BZA?process needs some work
On April 19, the Board of Zoning Appeals held a public hearing on the request for a Conditional Use Permit for the Twin Oaks development project. The Chronicle believes that the meeting could have and should have been more controlled and serious in its nature.
From the start, the allowance of the developers to address issues that were allegedly agreed upon at an earlier meeting and change verbage in the agreed upon listing of conditions should not have been done. Once it was done, the BZA should have allowed others to address the issues as well rather than accepting verbatim the proposed language of the individual(s) seeking the CUP.
The BZA should also have established ground rules for the hearing and stuck by those rules for all involved. An announced time limit for each speaker, although given, was not enforced. The developer, allowed 30 minutes, ran at least 45 which then led to others taking more time than should have been given. What the Chronicle observed, however, was that the developer and speakers for the developer were not encouraged to “wrap up” their comments as were those opposing the granting of the CUP. This editorial is not to address whether the CUP is a good thing or not, it is simply to stress that when rules apply, they should apply to all.
The BZA members failed to maintain control at the hearing by allowing participants to go beyond their time limits and then by failing to maintain order by controlling outbursts, comments and laughter from the audience when some individuals were speaking.
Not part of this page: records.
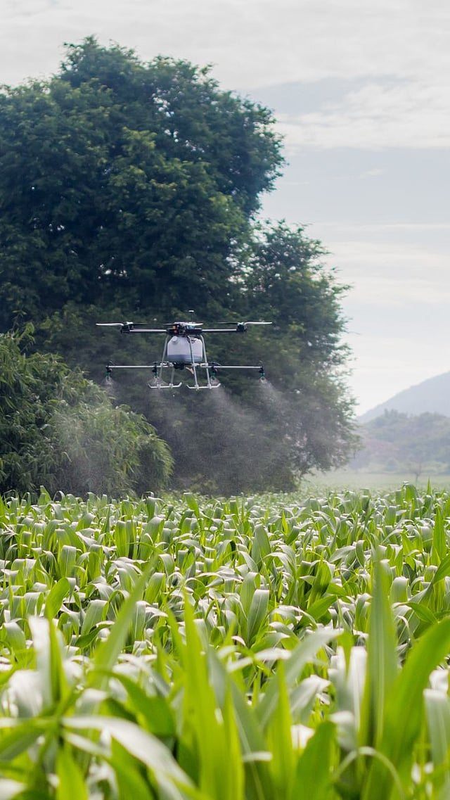 ड्रोन तंत्रज्ञानाला मानवरहित हवाई वाहने (यूएव्ही) म्हणतात. डेटा गोळा करणे, पीक निरीक्षण आणि फवारणीसाठी हे तंत्र फायदेशीर आहे.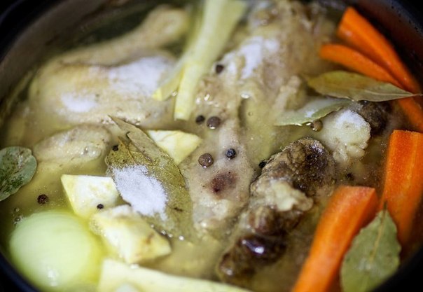 3. Очистите лук, корень сельдерея, морковь и корень петрушки. Проколите лук небольшим ножом в нескольких местах. Добавьте все овощи в кастрюлю с мясом. Положите лавровый лист, черный перец и душистый перец, посолите по вкусу (учитывая, что вода еще выкипит). Варите бульон еще в течение 1 часа, пока мясо не будет легко отделяться от костей.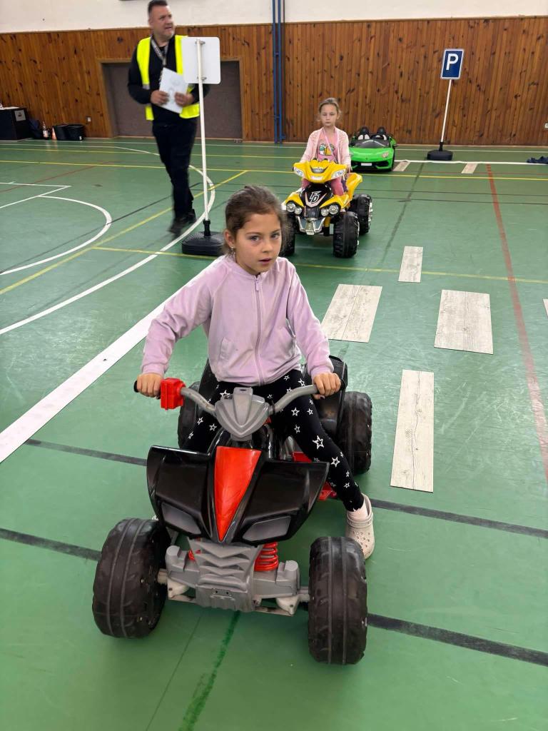 Nejprve si žáci zopakovali důležitá pravidla bezpečného chování na silnici a připomněli si důležité dopravní značky. Poté si mohl každý vyzkoušet řízení dětského autíčka. Zábavné, ale zároveň poučné projížďky ukázaly, že být řidičem není jen o rychlosti, ale především o ohleduplnosti a dodržování pravidel. Na dopravním hřišti nechyběli ani naši chodci a policisté.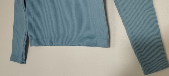 Joli fin pull "chaussette" Neuf élastiqué ! d'un joli bleu lavande ! 93% Polyamide et 7% Elasthanne.

These volunteers should be trained, if they have not been, in the serious nature of such a hearing. Opinions run rampant on both sides of issues, especially one with as much controversy as this proposed CUP. The group’s failure to lead a professional and serious hearing is sad as is their allowance of the applicant to dictate what should or should not be accepted as well as the applicant explaining how the process should be handled. We encourage the BZA members to define and maintain their rules for public hearings, provide them to all in attendance as well as on the county’s website and force all to comply to the same rules and regulations in future hearings.